Hmm...Would these methods be superior compared to using HDTune Pro with their error checking option? I've been using it with quick scan off, does a full sector scan...Took about 10 hours to complete on each of my 14tb drives I got, just ran two instances at once.
 
Hmm...Would these methods be superior compared to using HDTune Pro with their error checking option? I've been using it with quick scan off, does a full sector scan...Took about 10 hours to complete on each of my 14tb drives I got, just ran two instances at once.
Dunno. It depends on what it's doing. I know badblocks will write to the drive while the long smart does not, but reads every sector.
 
Dunno. It depends on what it's doing. I know badblocks will write to the drive while the long smart does not, but reads every sector.
Hmm, it scans every single sector for damaged blocks (hence the 10 hours). So far hasn't let me down, so will probably do the same still. Although I have a spare raspberry pi laying around, might try it just for kicks. Haven't used parted magic in a while, was definitely useful for me in the past, may load up the newest version just to see how things have changed =P. Thanks.
 
Hmm, it scans every single sector for damaged blocks (hence the 10 hours). So far hasn't let me down, so will probably do the same still. Although I have a spare raspberry pi laying around, might try it just for kicks.
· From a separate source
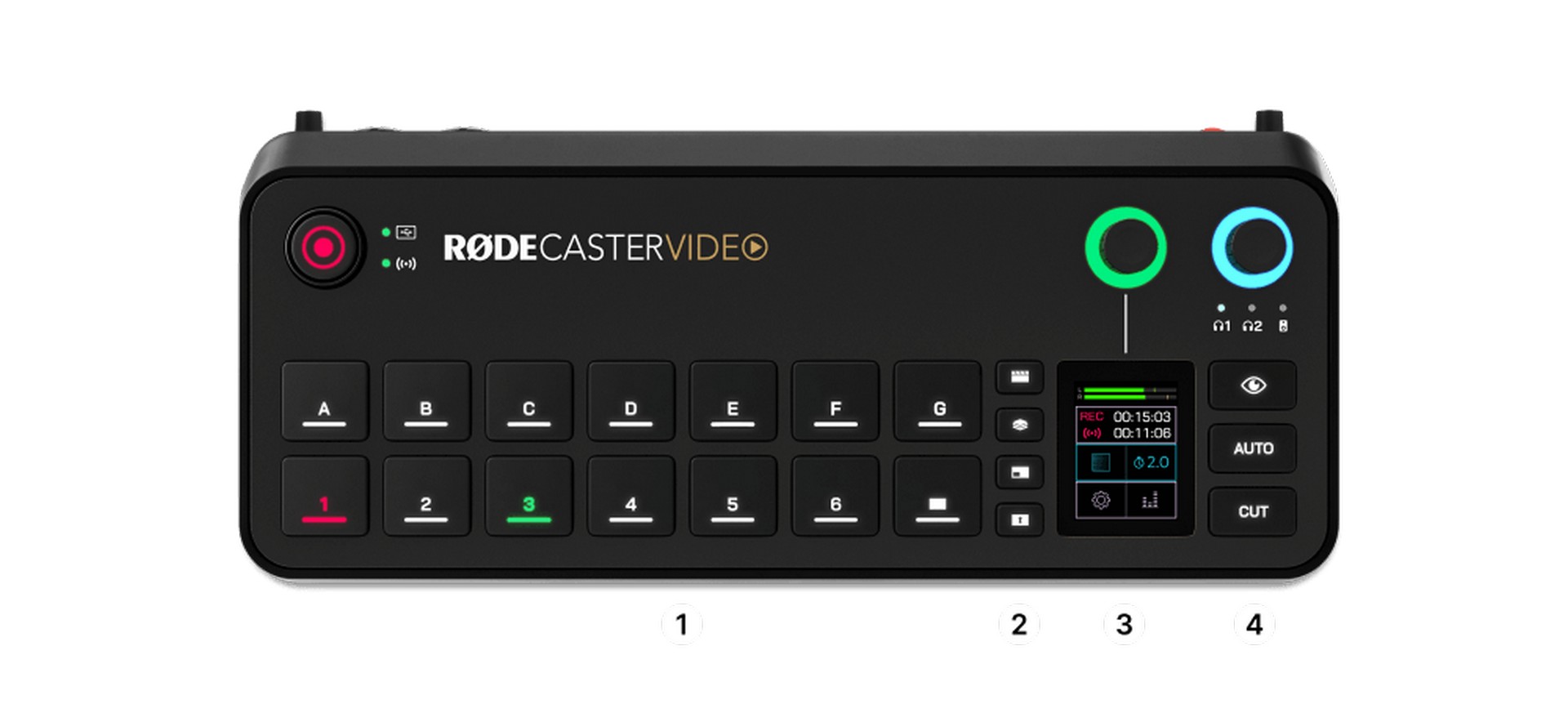 RØDECaster Video introducerar ett intuitivt scenbaserat växlingssystem som förenklar anpassning och konfiguration av komplexa videouppsättningar och möjliggör växling mellan scener med ett enda tryck.

Haven't used parted magic in a while, was definitely useful for me in the past, may load up the newest version just to see how things have changed =P. Thanks.
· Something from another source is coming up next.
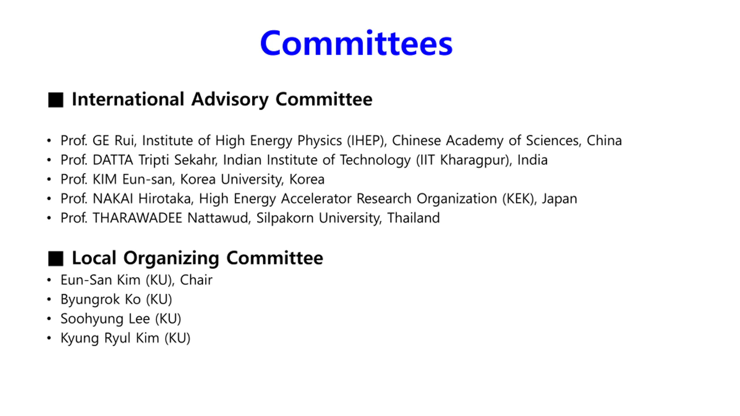 Committees International Advisory Committee Prof. GE Rui, Institute of High Energy Physics (IHEP), Chinese Academy of Sciences, China Prof. DATTA Tripti Sekahr, Indian Institute of Technology (IIT Kharagpur), India Prof. KIM Eun-san, Korea University, Korea Prof. NAKAI Hirotaka, High Energy Accelerator Research Organization (KEK), Japan Prof. THARAWADEE Nattawud, Silpakorn University, Thailand Local Organizing Committee Eun-San Kim (KU), Chair Byungrok Ko (KU) Soohyung Lee (KU) Kyung Ryul Kim (KU)

Yep, it seems like any scan worth its salt will take many hours (overnight) to scan the drive. I know It took over 16hours to do my 16TB drives with just a smart long test. I was very thankful I could load up all the drives in my esata enclosure and test them in parallel--otherwise that alone would have been a week!
 
Yep, it seems like any scan worth its salt will take many hours (overnight) to scan the drive. I know It took over 16hours to do my 16TB drives with just a smart long test. I was very thankful I could load up all the drives in my esata enclosure and test them in parallel--otherwise that alone would have been a week!
Which esata enclosure are you using? if you don't mind me asking, peaked my curiosity =P.
 
Which esata enclosure are you using? if you don't mind me asking, peaked my curiosity =P.
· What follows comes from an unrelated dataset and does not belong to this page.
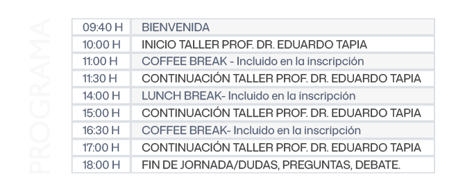 La inscripción incluye asistencia, material didáctico, talleres, materiales para prácticas, coffee breaks, almuerzo, así como todo lo necesario para el correcto desarrollo del curso. Para cancelaciones no se devolverá el importe del curso habiendo quedado esa plaza bloqueada a otros asistentes.

It's actually an older sansdigital 8 bay one. It came with its own sata card that supports the port multiplying that the enclosure needs. I have the card installed in my z600 which I just boot to a parted magic live cd and then run smart tests on multiple drives at a time. I also have a usb adapter for ide drives so I can test them the same way. Works really well to find out how good a drive is or clear it prior to use. I just ran the smart long test on 2x 10TB WD Golds the other day. I run the short test and make sure that passes before running the long test overnight. By morning, both drives were showed good (as expected). (y) When I got my 16TB Exos a few years back, I didn't realize I could do more than one test at the same time--so I had actually spent 2x days on 2x drives. Then I realized I could do more than one and loaded up the remaining 4x drives in the enclosure and had the rest done in just a day.